(Directions): Set down each record below precisely, skipping the pictures.

(Data excerpts):

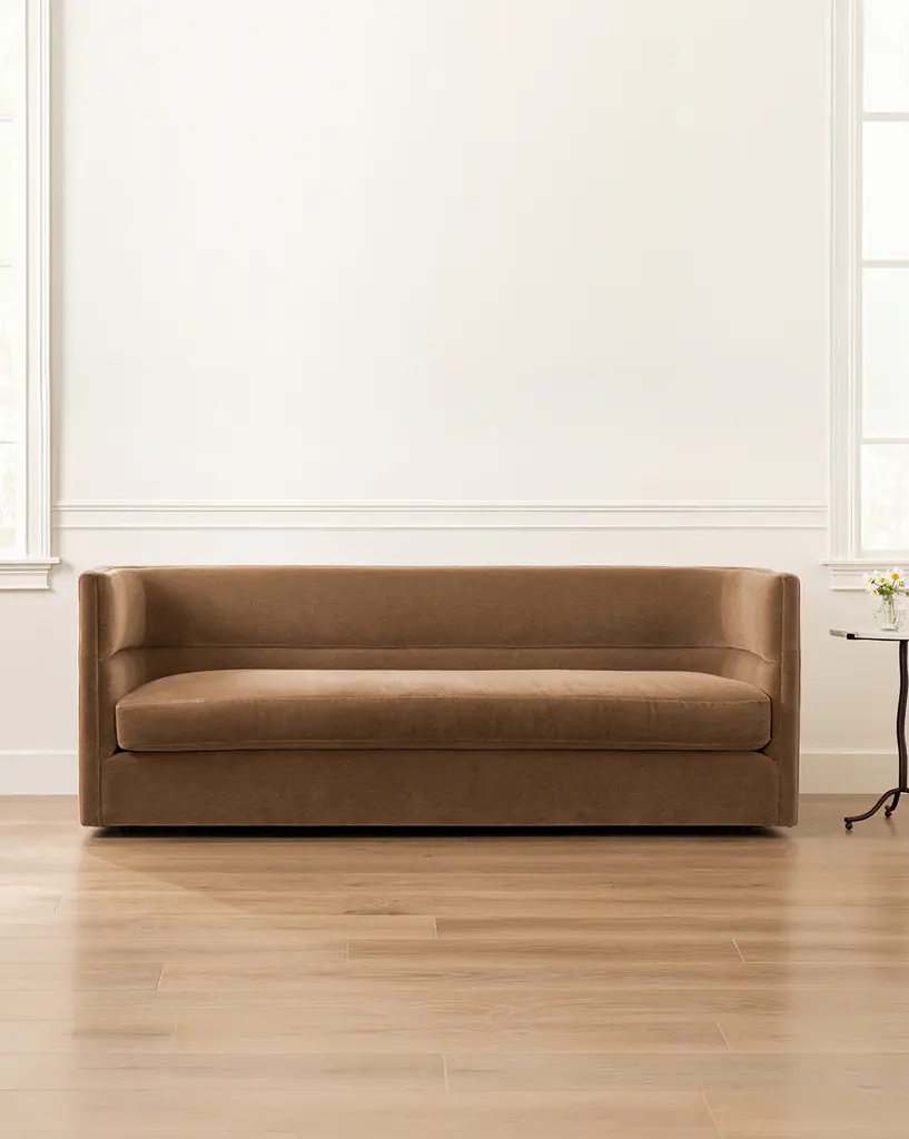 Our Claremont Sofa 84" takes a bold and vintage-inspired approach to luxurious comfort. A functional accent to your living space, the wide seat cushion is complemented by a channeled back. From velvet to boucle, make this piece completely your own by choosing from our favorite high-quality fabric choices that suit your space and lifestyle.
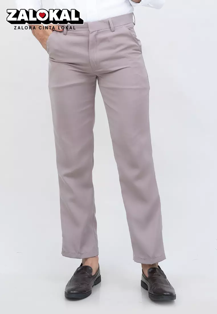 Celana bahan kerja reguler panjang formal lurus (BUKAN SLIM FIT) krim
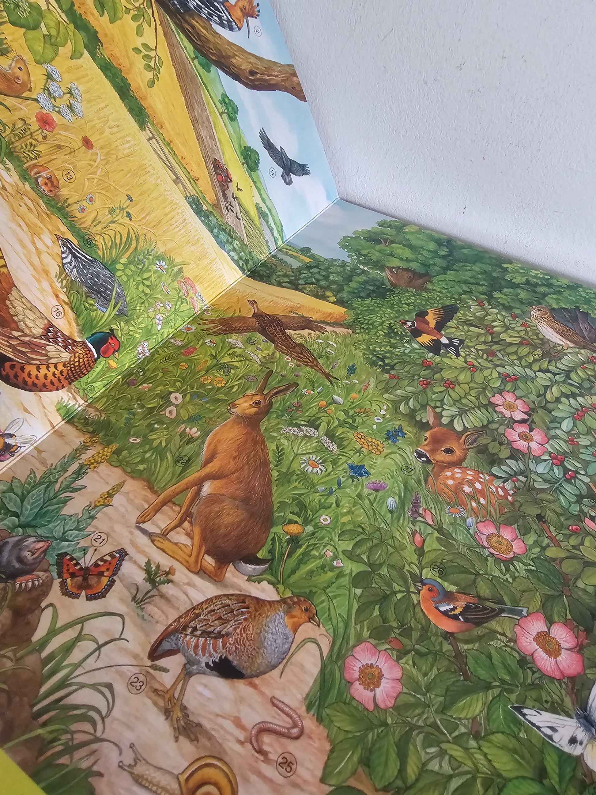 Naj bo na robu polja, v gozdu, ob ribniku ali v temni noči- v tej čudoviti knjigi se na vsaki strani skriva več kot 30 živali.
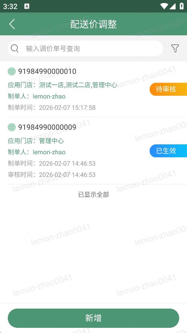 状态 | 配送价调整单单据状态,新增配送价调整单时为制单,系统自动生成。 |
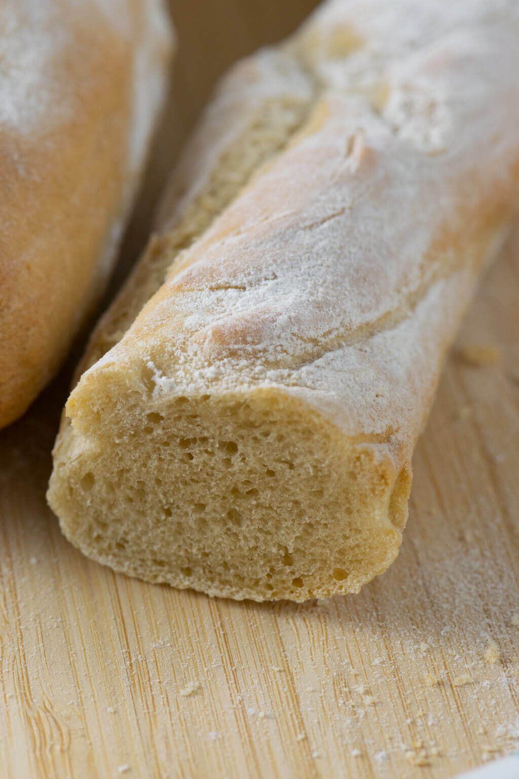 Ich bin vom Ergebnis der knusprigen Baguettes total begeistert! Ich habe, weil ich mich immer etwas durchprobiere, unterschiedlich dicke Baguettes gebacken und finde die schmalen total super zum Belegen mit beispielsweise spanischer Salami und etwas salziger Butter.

(Exercise response):
 Our Claremont Sofa 84" takes a bold and vintage-inspired approach to luxurious comfort. A functional accent to your living space, the wide seat cushion is complemented by a channeled back. From velvet to boucle, make this piece completely your own by choosing from our favorite high-quality fabric choices that suit your space and lifestyle.
 Celana bahan kerja reguler panjang formal lurus (BUKAN SLIM FIT) krim
 Naj bo na robu polja, v gozdu, ob ribniku ali v temni noči- v tej čudoviti knjigi se na vsaki strani skriva več kot 30 živali.
 状态 | 配送价调整单单据状态,新增配送价调整单时为制单,系统自动生成。 |
 Ich bin vom Ergebnis der knusprigen Baguettes total begeistert! Ich habe, weil ich mich immer etwas durchprobiere, unterschiedlich dicke Baguettes gebacken und finde die schmalen total super zum Belegen mit beispielsweise spanischer Salami und etwas salziger Butter.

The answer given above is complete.